5 In relation to the drug supply count, taking into account the 40 matters on the Form 1, the Applicant was sentenced to imprisonment by way of a non parole period of five years and six months to date from 12 March 2008 and to expire on 11 September 2013, with a balance of term of three years and six months. For the offence of possession of an unregistered firearm, the Applicant was sentenced to a fixed term of imprisonment for two years and three months to date from 12 September 2007.

6 Accordingly, the Applicant was sentenced to a total effective non-parole period of six years with a balance of term of three-and-a-half years. The earliest date upon which the Applicant is eligible for release on parole is 11 September 2013. The sentencing Judge found special circumstances and the effective non parole period was 63 per cent of the effective total sentence.


      Facts of Offences

7 An agreed statement of facts was tendered by the Crown at the sentencing hearing and formed the basis for his Honour’s recital of the facts (ROS2-3). The facts were as follows.

8 In February 2007, Newcastle Police, together with the New South Wales Crime Commission, began an operation targeting the supply of prohibited drugs in the Newcastle area. The operation commenced on 22 March 2007, when investigators were granted a telephone intercept warrant in relation to a mobile telephone service known to be used by the Applicant. This service was monitored until 28 April 2007. On 29 May 2007, police investigators were granted a further telephone intercept warrant relating to a mobile telephone service, also known to be used by the Applicant. This service was monitored until 23 August 2007.

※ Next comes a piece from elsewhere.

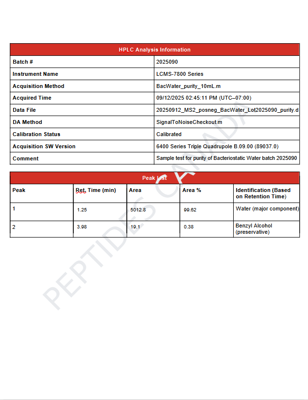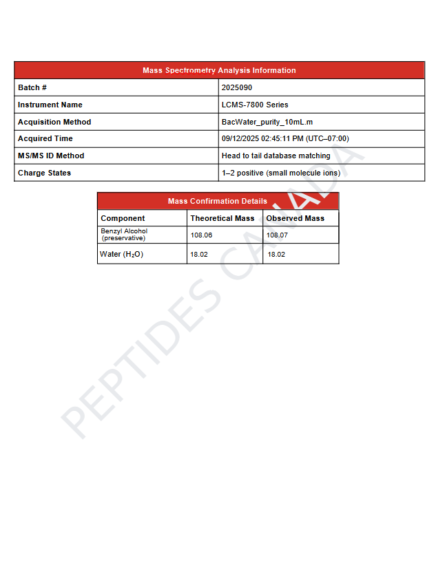 Bacteriostatic Water comprises sterile water (H₂O) supplemented with benzyl alcohol at 0.9% (v/v). Because the solution is a simple preserved aqueous vehicle rather than a defined compound, a single definitive molecular formula beyond the solvent system is not appropriate. Analytical verification for this batch includes mass spectrometric and chromatographic confirmation of water purity and preservative level.

9 The monitoring of both of these services showed that they were used almost exclusively by the Applicant. In total, police intercepted in excess of 15,000 telephone calls and a similar number of SMS messages. These records, together with physical surveillance by police, established that the Applicant was a medium scale supplier of prohibited drugs, including amphetamines and methamphetamines, otherwise known as “ice”. Throughout the telephone recordings, the Applicant is heard on many occasions to discuss “ice”, also referred to as the “cold stuff” or the “normal” or the “other”, which are coded references to different forms of amphetamines. The Applicant also discusses weights, including “eight balls” (3.5 grams) and “full ones” (an ounce).

10 During the course of this police investigation, the Applicant supplied over 300 grams of amphetamine. On 12 September 2007, the Applicant was arrested outside her home. A search warrant was later executed at the house. In the house, police located drug supply paraphernalia, including small amounts of drugs, resealable plastic bags and electronic scales.

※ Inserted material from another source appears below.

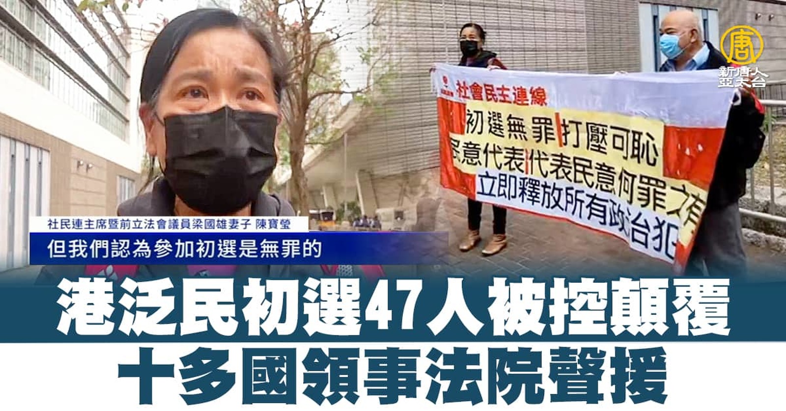 港泛民初選47人被控顛覆 十多國領事法院聲援

11 In addition, found under the bed in the Applicant’s bedroom, was a bag containing a .22 calibre pistol loaded with a live round in the firing chamber, together with a hand made mace, a Taser, detonators and a number of rounds of live ammunition. Also found in the bedroom was an extendable baton and a sword which was modified to be strapped to an arm. These items (other than the pistol) were contained in the charges set out in the Form 1.

12 A search warrant was executed on 13 September 2007 on a storage unit rented by the Applicant, in which were found large amounts of stolen jewellery, power tools and other items which had been previously stolen and traded for drugs. These items formed the 26 offences on the Form 1 with respect to dealing with property suspected of being the proceeds of crime.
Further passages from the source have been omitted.